Data excerpt »

○ ○ ○ ○ ○

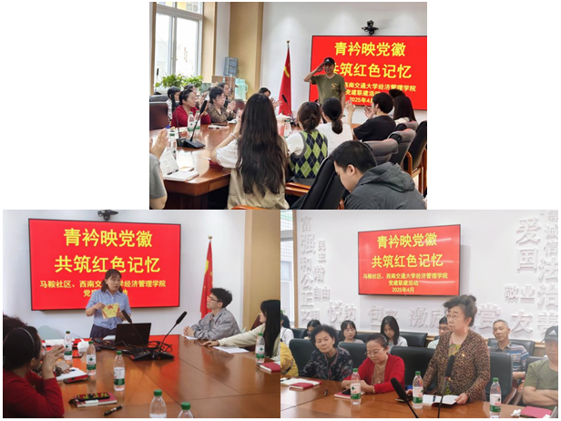 为赓续红色基因,同时搭建高校与社区“资源共享、人才共育”平台,促进高校与社区的合作与交流,2025年4月24日,今年会经济学硕士第一党支部、工业工程与管理专硕第一党支部、管理科学与工程硕士第一党支部的党员及入党积极分子走进马鞍社区,与马鞍社区党委联合举办“青衿映党徽,共筑红色记忆”党建共建活动,活动在金牛区驷马桥街道马鞍小学一楼会议室顺利开展。
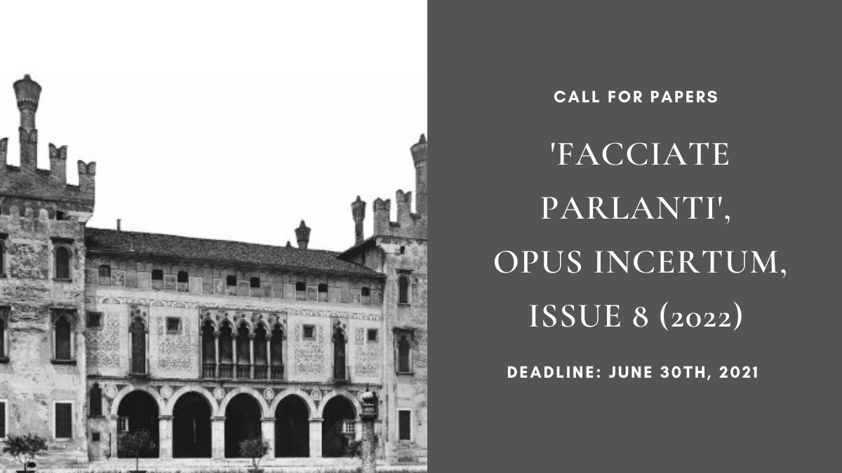 Call for Papers: ‘Facciate Parlanti’, Opus Incertum, Issue 8 (2022), Deadline: June 30th, 2021
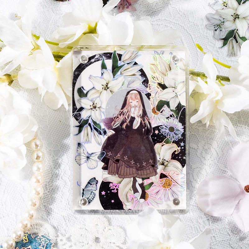 20 Pieces/Pack Stickers Lilium Casa Blanca Series Artistic Flower Laser Silver Journal Material Flower Diary Sticker 6 Models
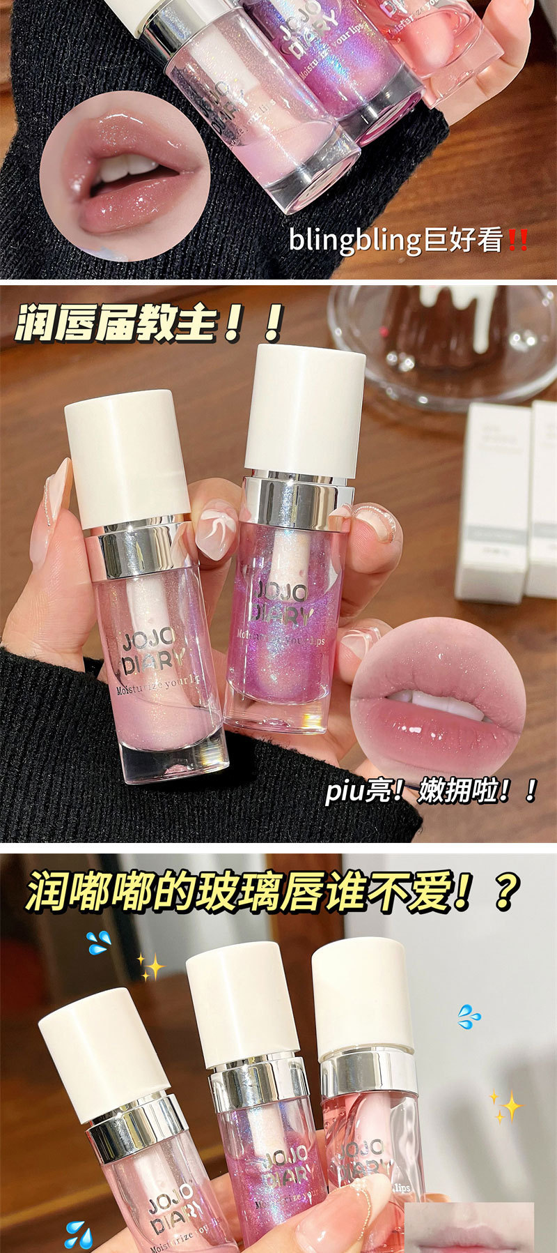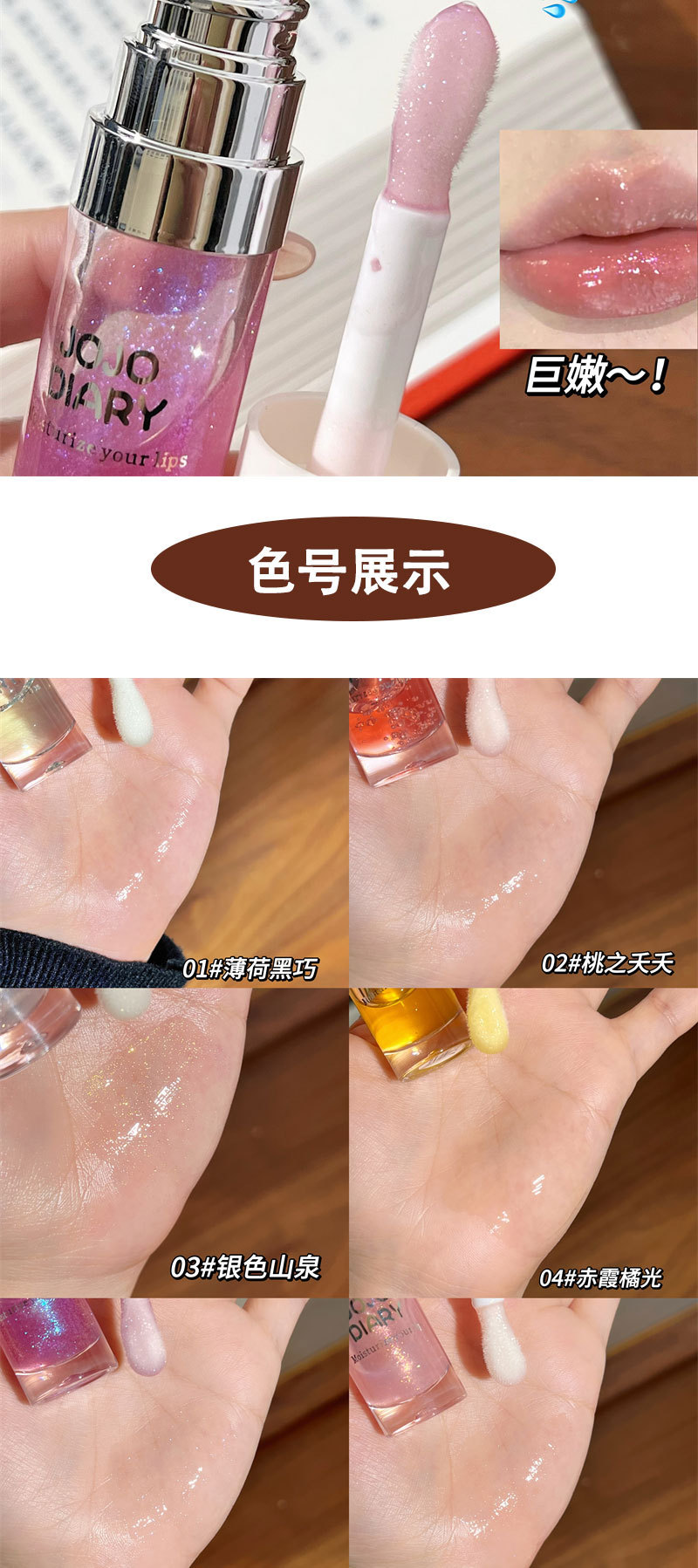 JOJO DIARY春夏ジュース唇釉薬潤い保湿白みをつけないで、コップをつけないで色が落ちない鏡面水光ガラス唇

○ ○ ○ ○ ○

Please retype the lines from the one that contains "20 Pieces/Pack Stickers" through the final line of the data, both included, without any pictures.

 20 Pieces/Pack Stickers Lilium Casa Blanca Series Artistic Flower Laser Silver Journal Material Flower Diary Sticker 6 Models
 JOJO DIARY春夏ジュース唇釉薬潤い保湿白みをつけないで、コップをつけないで色が落ちない鏡面水光ガラス唇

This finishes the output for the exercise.